As Geoff Nicholas notes, ‘The comfort the government has sought to give is that companies are free to continue to promote their businesses and provide bona fide hospitality. In doing so, it appears to have re-introduced a requirement for improper intent by the back door.’
Facilitation payments
There are still areas of concern for business. Notably, the Government has given no ground on the issue of facilitation payments. These are small payments often demanded in certain parts of the world to facilitate routine actions by government officials.
Nicholas says, ‘The Government sees facilitation payments as having a corrosive effect, helping to perpetuate a culture of bribery. They are seen very much as the thin edge of the wedge.’

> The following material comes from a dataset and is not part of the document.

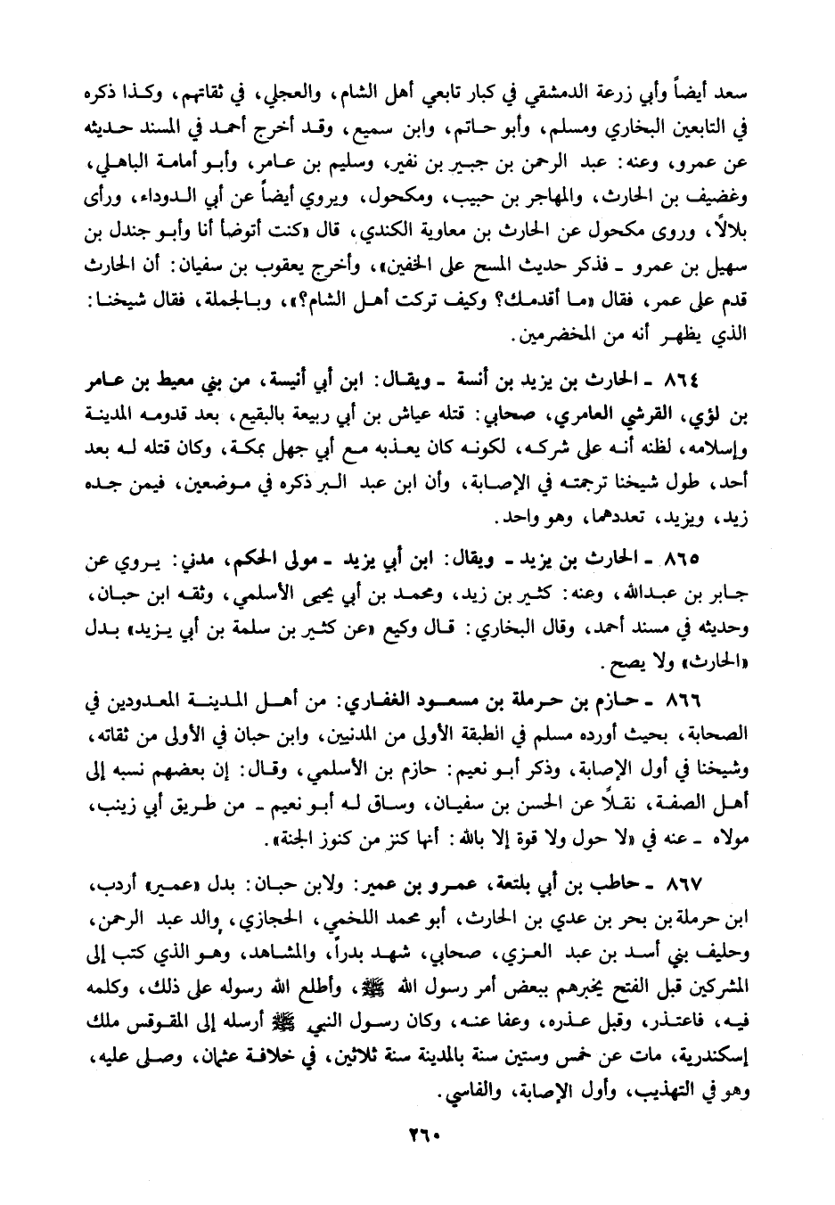 866 - حازم بن حرملة بن مسعود الغفاري من أهل المدينة المعدودين في الصحابة بحيث أورده مسلم في الطبقة الأولى من المدنيين وابن حبان في الأولى من ثقاته وشيخنا في أول الإصابة وذكر أبو نعيم حازم بن الأسلمي وقال إن بعضهم نسبه إلى أهل الصفة نقلا عن الحسن بن سفيان وساق له أبو نعيم من طريق أبي زينب مولاه عنه في لا حول ولا قوة إلا بالله أنها كنز من كنوز الجنة.

‘Although the guidance re-affirms the position that facilitation payments are bribes, the Government recognises that demands for these payments won’t be eradicated without action at a state level. Nevertheless, it insists that business has an important part to play and should not be offering payments for routine actions taken by foreign government officials.’
The guidance from the DPP and SFO specifically addresses this issue saying that, ‘they will seek to prosecute large and repeated payments which are part of a company’s normal way of doing business in certain markets rather than go after small one off payments,’ says Nicholas.
The guidance also recognises that it won’t be in the public interest to prosecute a payment by someone in a vulnerable position, for example where they feel under physical threat.
Failing to prevent bribery: the corporate offence
There is some reassurance as to the potentially very broad international application of the new corporate offence. This will be particularly welcomed by overseas companies that feared any link to the UK , however weak, would open them up to the Act.
'It would be necessary for a prosecutor to show that a foreign company has a demonstrable business presence in the UK so it’s unlikely that mere investment alone would give rise to liability,’ says Nicholas.
‘The Government has also made it clear that being listed on the London stock exchange by itself would not mean a company was deemed to be carrying on business in the UK,’ says Nicholas.
Associated persons
Nicholas says that at any one time a whole range of entities may be said to be performing services on behalf of a company including contractors and suppliers, but where there are several entities in a chain, ‘it is likely to be only those that are direct counterparties which are deemed to be performing services on behalf of a company, and that may give rise to a bribery offence.’
He continues, ‘Much will depend on the nature of the relationship between a business and its partners. It’s not as cut and dried as some might have hoped.’